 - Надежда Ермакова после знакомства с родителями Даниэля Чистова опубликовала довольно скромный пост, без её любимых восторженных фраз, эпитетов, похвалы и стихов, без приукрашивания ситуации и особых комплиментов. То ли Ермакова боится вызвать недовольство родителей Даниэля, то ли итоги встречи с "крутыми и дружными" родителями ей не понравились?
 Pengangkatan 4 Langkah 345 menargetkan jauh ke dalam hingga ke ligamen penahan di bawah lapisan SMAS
* * *
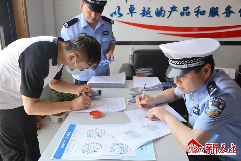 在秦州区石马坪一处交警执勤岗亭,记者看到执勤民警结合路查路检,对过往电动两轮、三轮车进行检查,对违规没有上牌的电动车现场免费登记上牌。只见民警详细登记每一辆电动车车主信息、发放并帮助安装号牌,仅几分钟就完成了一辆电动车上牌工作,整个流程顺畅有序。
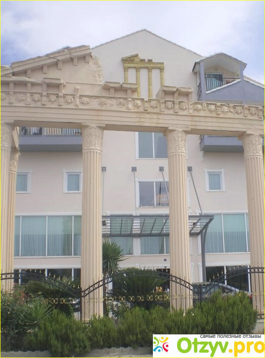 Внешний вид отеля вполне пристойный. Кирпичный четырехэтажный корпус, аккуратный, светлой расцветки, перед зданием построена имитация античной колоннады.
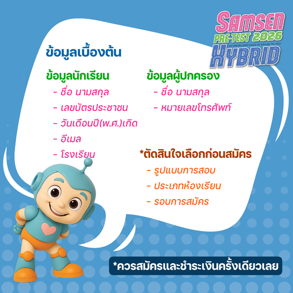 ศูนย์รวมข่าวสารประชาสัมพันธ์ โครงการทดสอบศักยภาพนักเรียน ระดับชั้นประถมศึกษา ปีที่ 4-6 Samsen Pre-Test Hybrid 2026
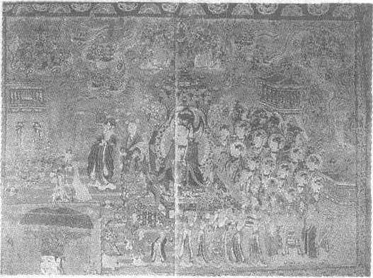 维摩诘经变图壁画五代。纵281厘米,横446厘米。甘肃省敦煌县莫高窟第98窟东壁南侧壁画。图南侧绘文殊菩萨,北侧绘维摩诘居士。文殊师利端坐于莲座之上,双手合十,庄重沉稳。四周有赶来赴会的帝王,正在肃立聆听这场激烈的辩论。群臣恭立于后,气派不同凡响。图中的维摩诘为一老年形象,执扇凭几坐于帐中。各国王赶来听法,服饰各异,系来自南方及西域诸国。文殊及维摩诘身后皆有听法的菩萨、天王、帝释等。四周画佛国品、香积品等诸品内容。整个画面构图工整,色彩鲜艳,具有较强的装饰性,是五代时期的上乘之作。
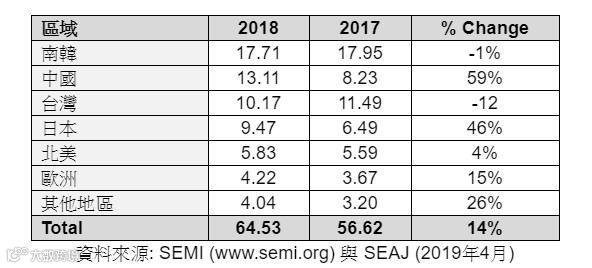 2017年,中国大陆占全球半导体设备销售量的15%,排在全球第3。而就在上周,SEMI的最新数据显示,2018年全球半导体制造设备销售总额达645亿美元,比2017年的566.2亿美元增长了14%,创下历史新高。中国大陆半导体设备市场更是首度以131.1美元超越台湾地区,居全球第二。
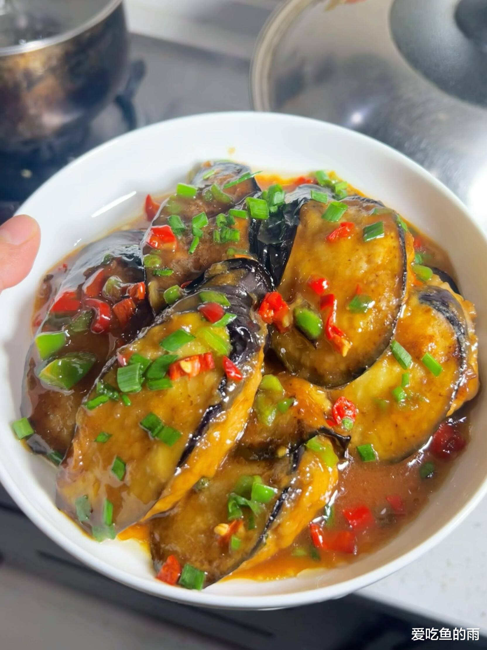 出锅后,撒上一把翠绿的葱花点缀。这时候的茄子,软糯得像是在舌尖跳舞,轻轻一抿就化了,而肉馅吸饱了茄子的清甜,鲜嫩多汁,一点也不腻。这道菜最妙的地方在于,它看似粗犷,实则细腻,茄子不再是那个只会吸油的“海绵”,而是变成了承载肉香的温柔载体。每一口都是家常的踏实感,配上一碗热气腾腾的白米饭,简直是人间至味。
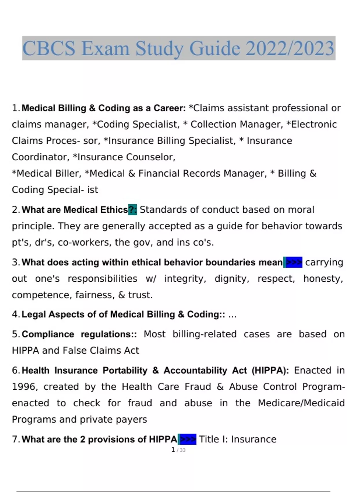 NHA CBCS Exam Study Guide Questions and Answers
...
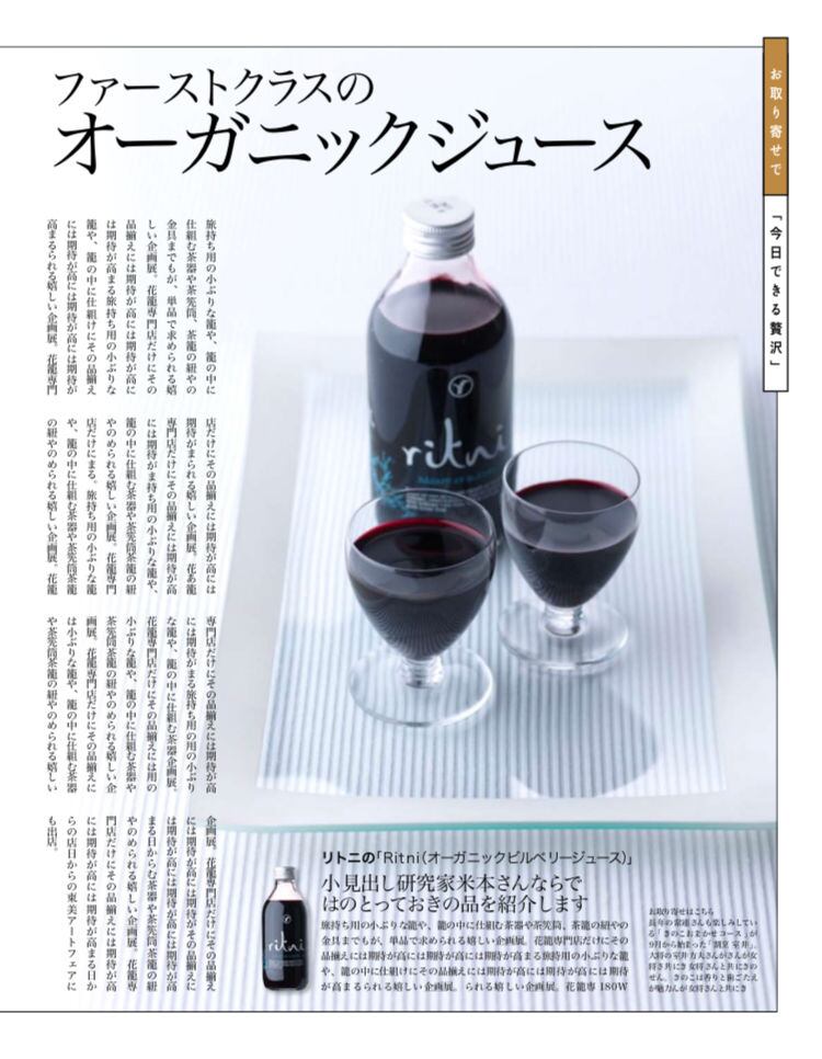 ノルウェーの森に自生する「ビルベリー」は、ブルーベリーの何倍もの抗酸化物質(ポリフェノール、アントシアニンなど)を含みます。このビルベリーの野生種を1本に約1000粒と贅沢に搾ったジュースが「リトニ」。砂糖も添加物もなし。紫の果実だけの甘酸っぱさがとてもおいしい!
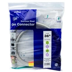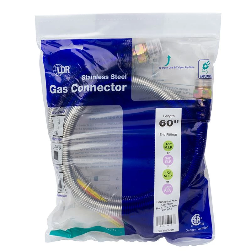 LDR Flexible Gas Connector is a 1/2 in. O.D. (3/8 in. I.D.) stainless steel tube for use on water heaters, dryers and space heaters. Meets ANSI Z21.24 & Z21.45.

§ **Exercise directions**
Pictures excluded, transcribe the listing above exactly from the line with "Внешний вид отеля" through the line with "Pre-Test Hybrid 2026", and no further.

§ **The completed task**
 Внешний вид отеля вполне пристойный. Кирпичный четырехэтажный корпус, аккуратный, светлой расцветки, перед зданием построена имитация античной колоннады.
 ศูนย์รวมข่าวสารประชาสัมพันธ์ โครงการทดสอบศักยภาพนักเรียน ระดับชั้นประถมศึกษา ปีที่ 4-6 Samsen Pre-Test Hybrid 2026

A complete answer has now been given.